Calling this franchise the 'Sonic Franchise' is a misnomer. These games are a soliloquous dirge mourning the purgatory of a man adrift in a sea of isolation, atop his raft of stubborn spite. A man who, as these games roll on, has come to, or will come to, sacrifice all that he can. His calm. Kindness, Kinship, Love. A Doctor who has given up all hope of inner peace. Who made his mind a sunless space. A scientist who shares his dreams with ghosts. A human who wakes up everyday to an equation he wrote thirty-one years ago to which there is only one conclusion; he is damned for what he does. His anger, his ego, his unwillingness to yield, his eagerness to fight, has set him on a path from which there's no escape.

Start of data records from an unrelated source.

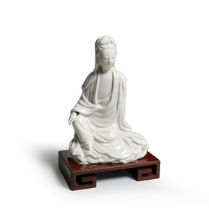 A very similar Guanyin was exhibited at Marchant and illustrated in Blanc de Chine, London, 2006, catalogue. no. 10. Another similar figure is illustrated in John Ayers, Blanc de Chine, Divine Images in Porcelain, New York, 2002, pl. 26. A further example inscribed with a date corresponding to 1629 is illustrated in Donnelly, Blanc de Chine, London 1969, pl. 71B.
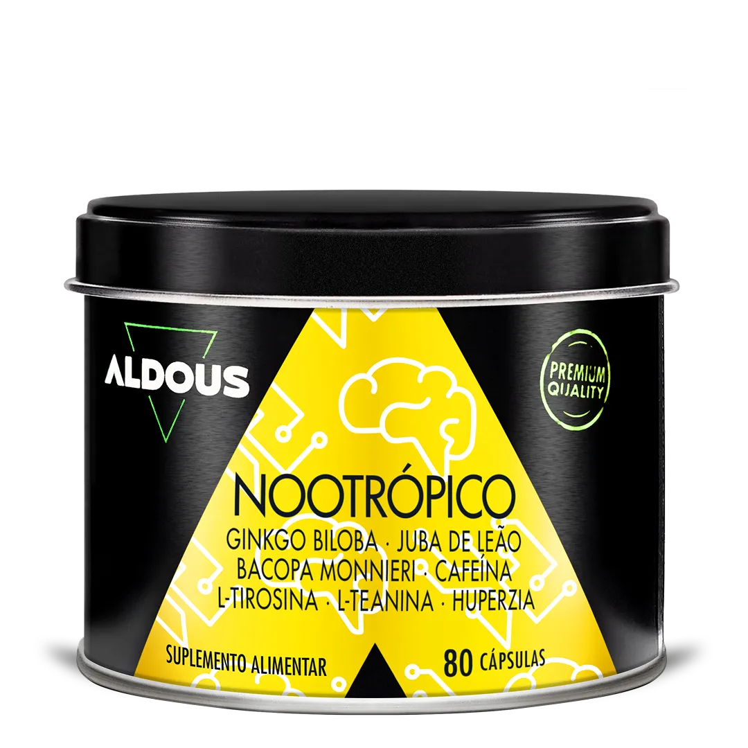 A formulação avançada do Nootrópico Aldous é ideal para estudantes, candidatos a concursos e profissionais que precisam de foco. Combina Ginkgo Biloba, Juba‑de‑Leão, Cafeína Anidra, Bacopa Monnieri, L‑Tirosina, L‑Teanina e Huperzia Serrata para apoiar as funções cognitivas e a memória. Além disso, contribui para a circulação sanguínea normal, associada ao desempenho cerebral.
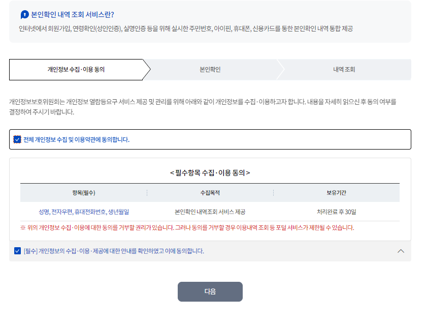 위 사이트 가서 동의 하고 다음 눌러서 개인 인증하고 나면
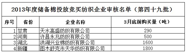 2013年度儲備棉投放競買紡織企業(yè)審核名單(第四十九批)

He yearns to be a saviour against injustice without contemplating the cost and by the time he looks down, there's no longer any ground beneath his feet. That is his sacrifice. He's condemned to use the tools of his enemies to defeat them. He burns his decency for someone else's future. He burns his life to make a sunrise that he knows he'll never see. And the ego that started his fight will never have a mirror or an audience or the light of gratitude. And that's what Eggman sacrifices. Everything.